• What the task asks: What is needed is an exact repetition of the lines from the first one in the data through the line with "AS 5082.2-2007 Amd", with no pictures.

• Information shown:
━━━━━━━━━━

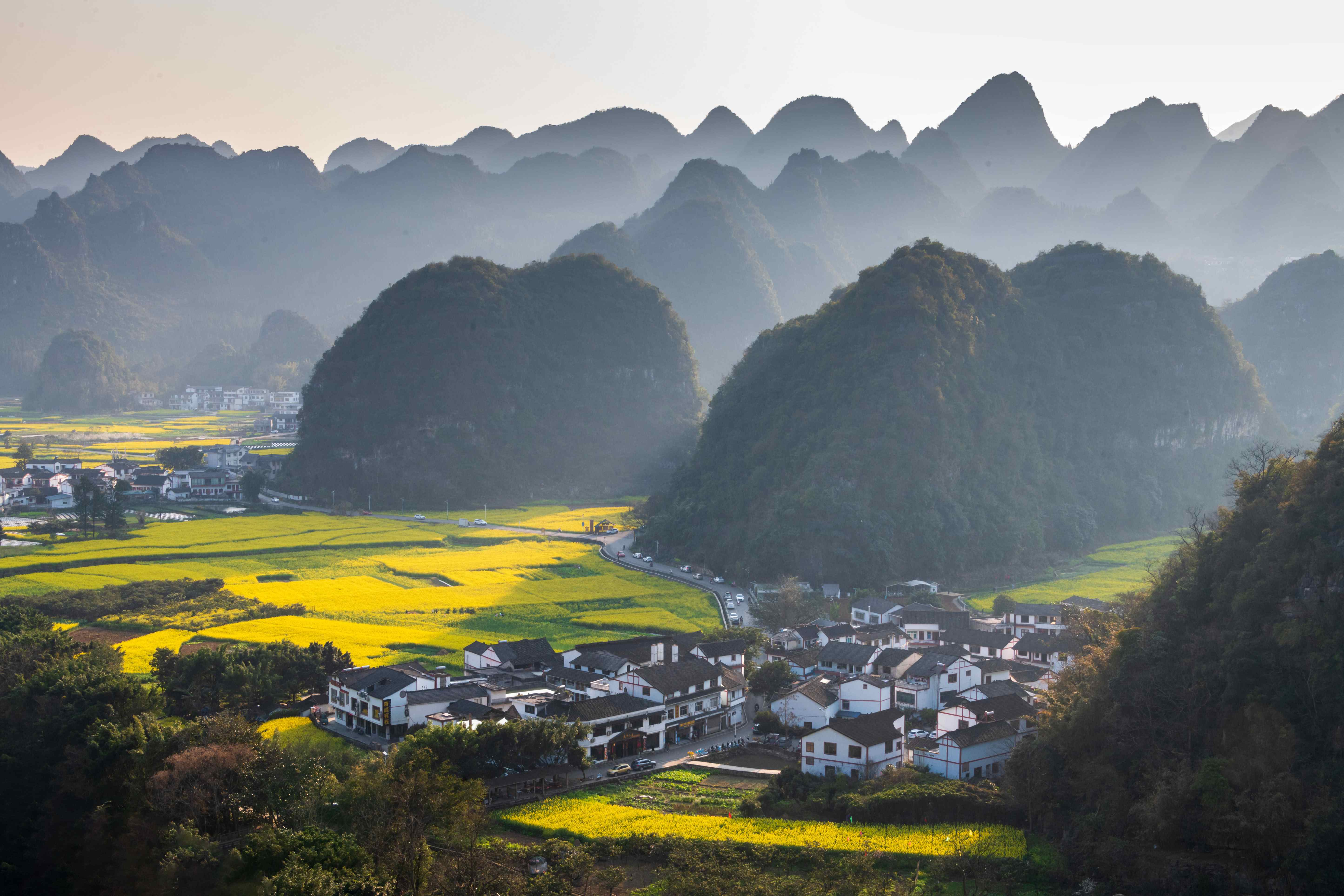 四季景观各异,春季赏油菜花海,夏季宜避暑。建议乘坐观光车俯瞰全景,或租自行车深入田园。尊重布依村寨习俗,品尝蛋炒饭等特色美食时注意饮食卫生。
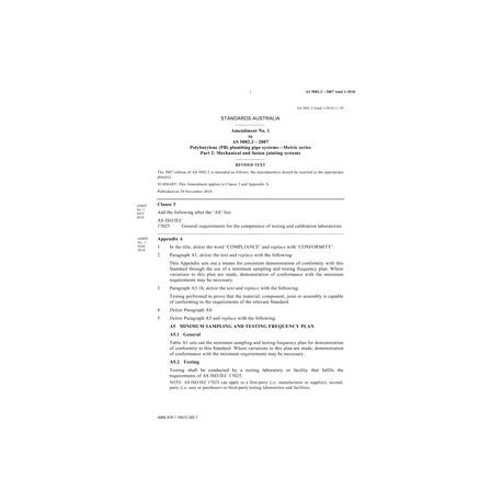 AS 5082.2-2007 Amd 1:2018 [ Current ] Polybutylene (PB) plumbing pipe systems - Metric series, Part 2: Mechanical and fusion jointing systems
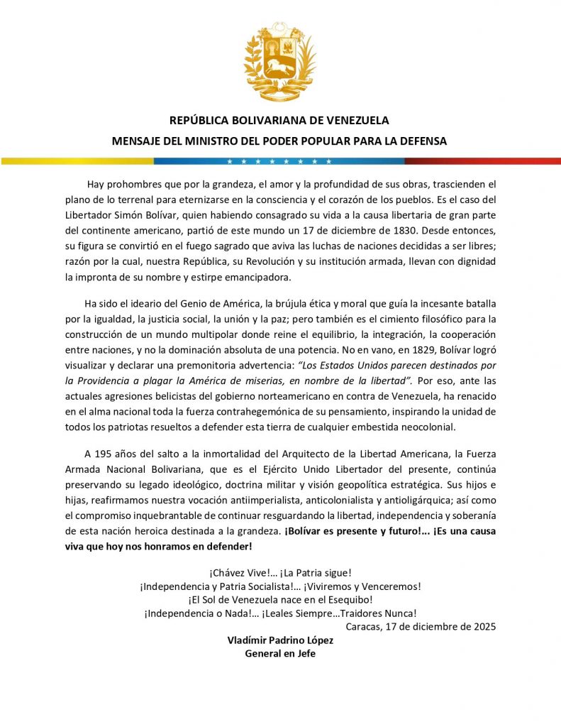 Caracas, 17 de diciembre de 2025. – En un emotivo comunicado, el ministro de Defensa de Venezuela, Vladimir Padrino López, rindió homenaje a la figura del Libertador Simón Bolívar, a 195 años de su paso a la inmortalidad. Padrino López destacó que Bolívar, por la grandeza y profundidad de sus obras, ha trascendido el tiempo y se ha convertido en un símbolo eterno en la consciencia y el corazón de los pueblos latinoamericanos.

━━━━━━━━━━

• Answer to the exercise:
 四季景观各异,春季赏油菜花海,夏季宜避暑。建议乘坐观光车俯瞰全景,或租自行车深入田园。尊重布依村寨习俗,品尝蛋炒饭等特色美食时注意饮食卫生。
 AS 5082.2-2007 Amd 1:2018 [ Current ] Polybutylene (PB) plumbing pipe systems - Metric series, Part 2: Mechanical and fusion jointing systems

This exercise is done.